Here's the thing Silvers is firm on: There's more than one way to repair a bank's balance sheet. And just because TARP found a way, doesn't mean it was the right one.

The right way, according to Silvers, was modeled by the Roosevelt administration in the Great Depression. First, the federal government fires management and brings in its own auditors, so it's not dealing with anyone with a stake in the machinations that got the bank into trouble. It also explicitly guarantees the failing bank's obligations. (It almost certainly won't have to pay those obligations, but the commitment will stabilize financial markets, just as the stress tests did.) Then the government restructures the bad debt owed to the banks so the debtors actually have a realistic chance of paying it. In this case, that would've meant a massive write down of the underwater mortgages owed by millions of American households.

If this was being conducted under the old FDIC process, the bank would then be sold to a bigger competitor which would have to honor its long-term debt. But since the bank is so big and its competitors are in such disarray, that's not an option here. Instead the government would pay off the bank's debt by giving equity stakes to its long-term creditors. This would, of course, dilute the equity of the pre-existing stockholders down to almost nothing.
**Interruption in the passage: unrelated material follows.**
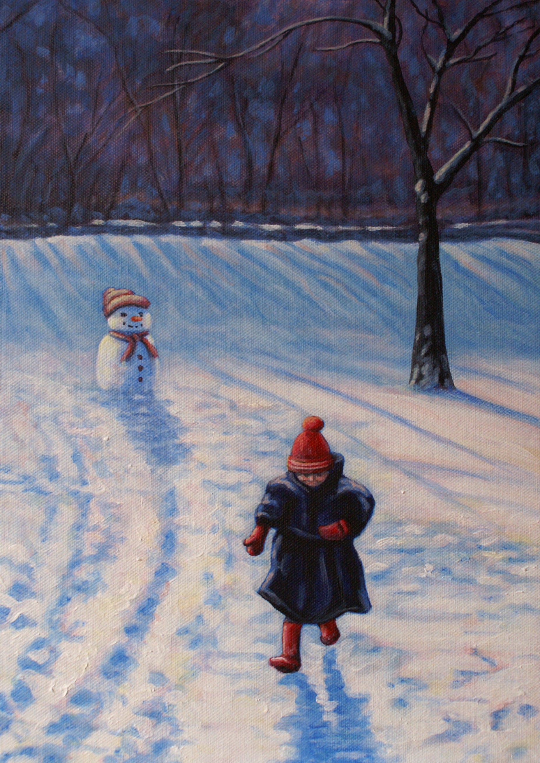 This painting is based in our local park when we had a fall of deep snow. We took a lot of photos when our children were little of course, and some have been used as sources for compositions over the years, often taking elements from several to make a complete painting. This is the case here, with the park as a base, the snowman from our garden, and our daughter running along the pavement captured with both feet off the ground!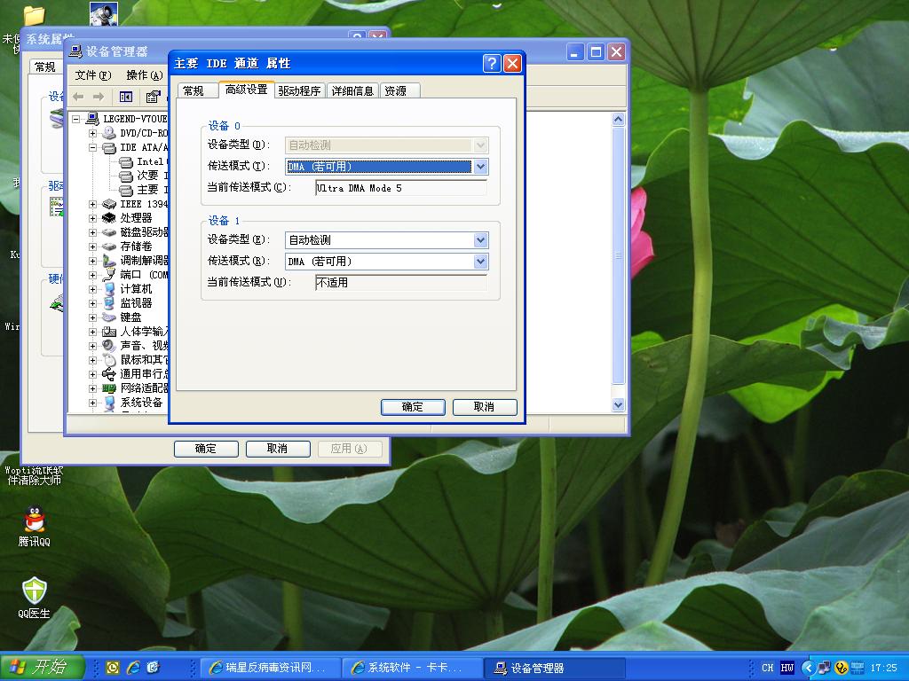 右键我的电脑-属性-硬件-设备管理器,点开IDE ATA/ATAPI控制器,分别右键"主要IDE通道"和"次要IDE通道",选"属性"-"高级设置".

Alternatively, the government could get really bare-knuckle and simply demand that pre-existing stockholders surrender their equity at massively reduced prices. Either way, the shareholders who were in charge of the bank when it ran itself into the ground would take massive or even total losses. But the bank would also see its balance sheet stabilized again.

Then, finally, once the bank is repaired, the government releases it to the market and sells off whatever equity stake it took to private hands.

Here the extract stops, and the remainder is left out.